SEMARANG, KLIKSOLONEWS.COM – Pemerintah Provinsi Jawa Tengah serius mengawal pelaksanaan program dana desa yang tahun ini digelontorkan sebesar Rp 1,2 triliun.
Gubernur Jawa Tengah, Ahmad Luthfi menegaskan, tidak akan memberikan toleransi terhadap siapapun yang mencoba menghambat atau menyalahgunakan dana tersebut.
Dalam pernyataannya, Luthfi menekankan desa adalah garda terdepan pembangunan daerah. Karena itu, pemerintah akan memperkuat pengawasan serta perlindungan hukum agar penggunaan dana desa berjalan sesuai aturan dan tujuan pembangunan.

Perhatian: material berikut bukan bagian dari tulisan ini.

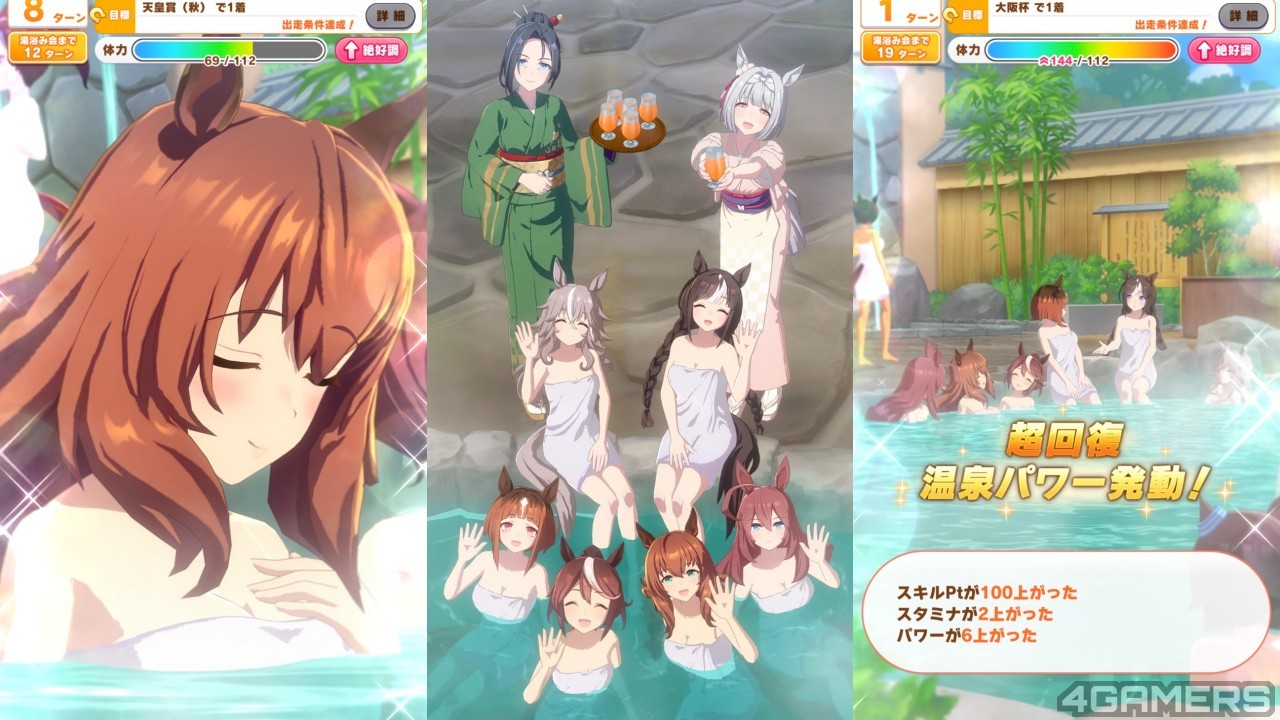 而如果訓練花費到一定的體力,還會隨機開啟「超回復」系統,不但會回復體力超過上限值,還會大放送各種技能提示以及各種強化的溫泉效果。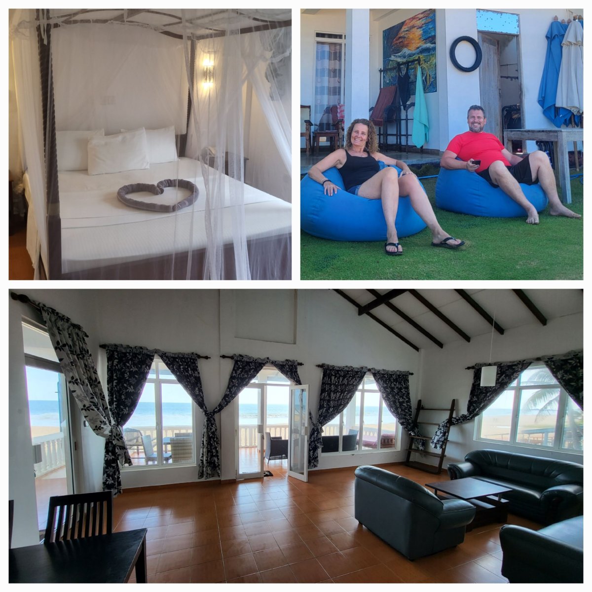 Autobus nám zastavuje přímo před ubytováním č.9 u pláže Hikkaduwa. Tady budeme bydlet další 2 noci v domě přímo na pláži. Je tu prostorný obývák, veliká kuchyň (kterou nepoužijeme), 3 ložnice, nová koupelna a hlavně: obrovská terasa s výhledem na Indický oceán a spoustou míst k sezení, já okamžitě zabírám postel. Stačí sejít 22 schodů a jsme na pláži...

"Dana desa ini bukan main-main. Siapapun yang coba-coba mengganggu, akan kami proses hukum. Tak ada toleransi," tegasnya saat memberikan keterangan di Semarang.
Meski tidak menyebutkan secara spesifik siapa yang dimaksud berpotensi mengganggu pelaksanaan dana desa, Luthfi memastikan koordinasi dengan Polda Jawa Tengah dan Kejaksaan Tinggi telah dilakukan.
Aparat penegak hukum akan dilibatkan secara aktif untuk mengawal, mendampingi, dan menindak jika ditemukan pelanggaran.
"Saya tidak mau desa hanya jadi objek. Kepala desa harus diberi ruang dan rasa aman untuk membangun tanpa ada tekanan atau gangguan dari pihak manapun," imbuhnya.
Sebagai bentuk konkret pengawasan, pemerintah akan membuka jalur aduan di setiap kabupaten. Masyarakat dan pemerintah desa dipersilakan melaporkan jika menemui indikasi praktik “nakal” atau upaya yang menghambat jalannya pembangunan di tingkat desa.
"Kalau ada yang cari-cari kesalahan, atau sengaja mempersulit, itu penyakit. Laporkan. Kami siap menindak tegas. Saya sudah pastikan Polda dan Kejaksaan ikut mengawal," ujar Gubernur.
Langkah ini diambil untuk mendorong desa agar tidak hanya menjadi penonton, tetapi penggerak utama dalam pembangunan daerah.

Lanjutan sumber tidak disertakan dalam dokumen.